Oysa ben eskiden beri, şehirci olmasam da, İstanbul'un caddelerinden birer ikişer hat alan hafif metronun ulaşım sorunumuza ilaç gibi geleceğini düşünürüm. Kabataş'a ulaşan metroyu sal Beşiktaş üzerinden Barbaros Bulvarı'na. Çevre yolundan çalacağın iki hatla bağla Avcılar ve Kozyatağını. Aralara da döşe yan hatları oldu bitti işte...
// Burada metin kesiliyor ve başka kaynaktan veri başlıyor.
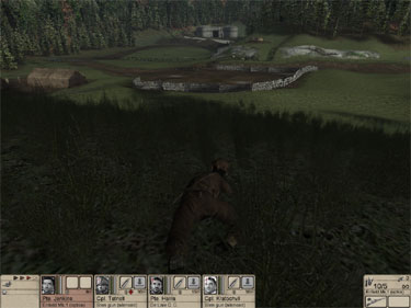 Nada más salir tenemos de frente tres alemanes, que podremos barrer sin problemas con un arma potente, como por ejemplo una BAR. A partir de aquí, si no queremos montar demasiado escándalo, lo mejor es que avancemos personalmente con el que lleve la Sten con silenciador. Encontraremos un poco más adelante un descampado donde unos civiles están cortando leña, escoltados por 3 alemanes.
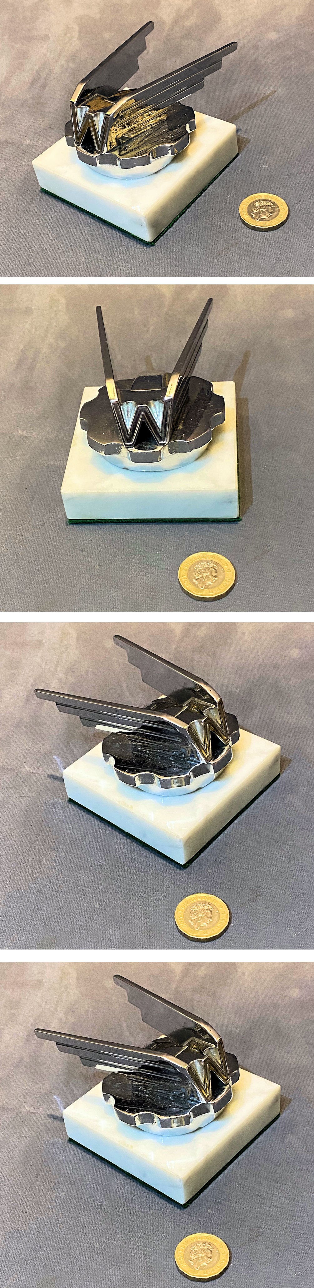 Wolseley Motor Car Mascot CM148 Original, quality chromed "W" Radiator cap mascot with the cap and later marble plinth. This model was first issued in 1939. Some minor pitting to the chrome, otherwise complete and in good order.
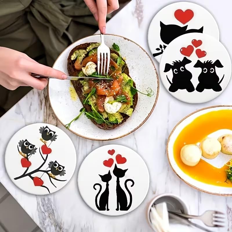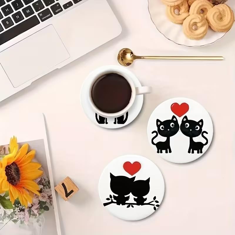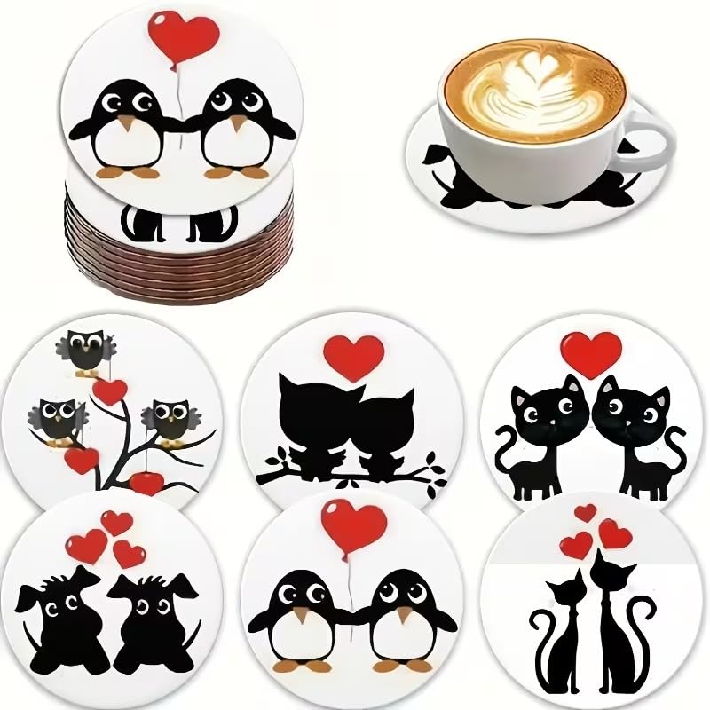 - تصميم فريد: حاملات أكواب بتصميم حيوانات متعاشقة مع قلوب حمراء، تضيف لمسة رومانسية وجمالية لطاولتك
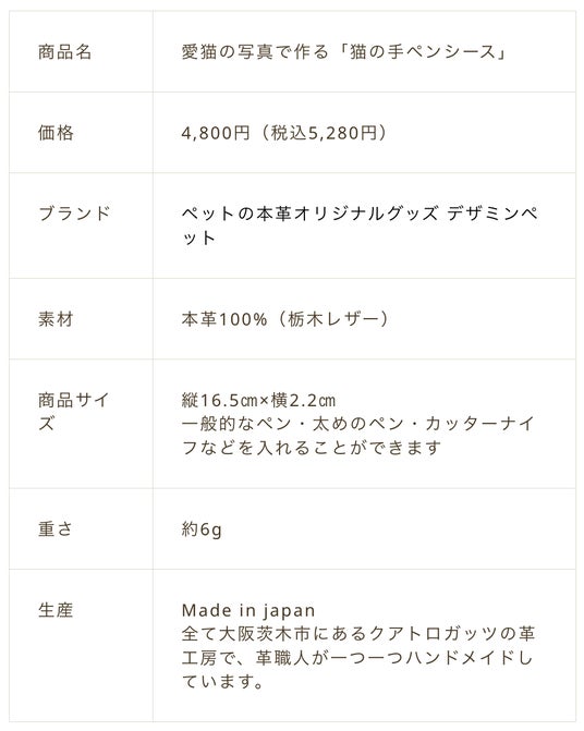 大阪府茨木市で革小物の製作・販売をする株式会社ガッツ(代表:中辻大也)は、2月22日猫の日に向けて「愛猫の写真で作る 猫の手ペンシース」を新発売。価格は4,800円(税込5,280円)ページはこちら https://pet.dezamin.com/nekonote-penseath/

Tünelli-tünelsiz hızlı metroyu da, İstanbul'un biraz nefes almasını sağlamak için şehri çevreleyen bölgeler için tasarla ve gerçekleştir.
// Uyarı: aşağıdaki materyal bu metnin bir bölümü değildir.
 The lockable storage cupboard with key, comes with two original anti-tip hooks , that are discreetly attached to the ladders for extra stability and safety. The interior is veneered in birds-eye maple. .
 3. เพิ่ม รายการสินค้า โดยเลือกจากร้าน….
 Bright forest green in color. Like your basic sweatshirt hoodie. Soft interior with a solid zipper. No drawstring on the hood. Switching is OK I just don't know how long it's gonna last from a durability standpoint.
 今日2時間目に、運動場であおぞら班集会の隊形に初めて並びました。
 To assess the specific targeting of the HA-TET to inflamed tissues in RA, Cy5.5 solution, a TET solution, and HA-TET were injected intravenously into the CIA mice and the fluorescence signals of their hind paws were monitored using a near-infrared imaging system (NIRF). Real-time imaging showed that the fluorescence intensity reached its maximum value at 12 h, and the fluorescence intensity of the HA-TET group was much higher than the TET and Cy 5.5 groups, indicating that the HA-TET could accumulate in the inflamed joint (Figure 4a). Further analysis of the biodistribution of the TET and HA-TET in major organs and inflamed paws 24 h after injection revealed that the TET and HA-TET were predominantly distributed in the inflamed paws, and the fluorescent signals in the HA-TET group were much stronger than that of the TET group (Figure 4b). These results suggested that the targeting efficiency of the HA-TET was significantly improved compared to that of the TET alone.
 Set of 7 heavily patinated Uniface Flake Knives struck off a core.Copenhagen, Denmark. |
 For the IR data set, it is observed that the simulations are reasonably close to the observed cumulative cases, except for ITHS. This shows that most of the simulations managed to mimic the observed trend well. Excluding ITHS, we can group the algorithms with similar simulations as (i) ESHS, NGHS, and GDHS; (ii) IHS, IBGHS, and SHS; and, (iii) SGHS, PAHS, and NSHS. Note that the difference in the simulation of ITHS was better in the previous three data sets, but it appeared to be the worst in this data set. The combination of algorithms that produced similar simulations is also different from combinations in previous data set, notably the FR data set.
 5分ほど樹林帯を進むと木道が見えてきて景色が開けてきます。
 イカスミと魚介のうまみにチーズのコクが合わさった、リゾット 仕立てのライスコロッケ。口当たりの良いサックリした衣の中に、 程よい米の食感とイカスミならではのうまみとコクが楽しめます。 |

Bugün görüyorum ki, Topbaş'a o gün o bahsi açmam işe yaramış!
İki ayda (tamı tamına “77 gün”müş) tamamlanan ve ulaşıma açılan Topkapı-Zincirlikuyu metrobüs hattına bakın... Artık metrobüs adı verilen bu otobüs azmanları ile (hem de –Topbaş'ın sözleriyle- “konforlu, kaliteli, klimalı ve keyifli”) Avcılar-Zincirlikuyu arası artık 38 dakika... Günde 400 bin yolcu... Nasıl bir şehirde yaşadığımızı düşünürsek, bir mucize bu! Demek ki istenince oluyormuş.
Belediyenin toplu ulaşım alanında önemli bir hamle yapması için “metrobüs” denilen vasıtanın tanınması gerekiyormuş. Topbaş, Zincirlikuyu-Söğütlüçeşme arasındaki üçüncü etabın da ihalesinin tamamlandığını, 200 günde bu projenin de gerçekleştirileceğini müjdeliyor.
Ne güzel, Avcılar'dan binen yolcu kısa sürede, hatta zevkli bir yolculukla Anadolu yakasına geçebilecek.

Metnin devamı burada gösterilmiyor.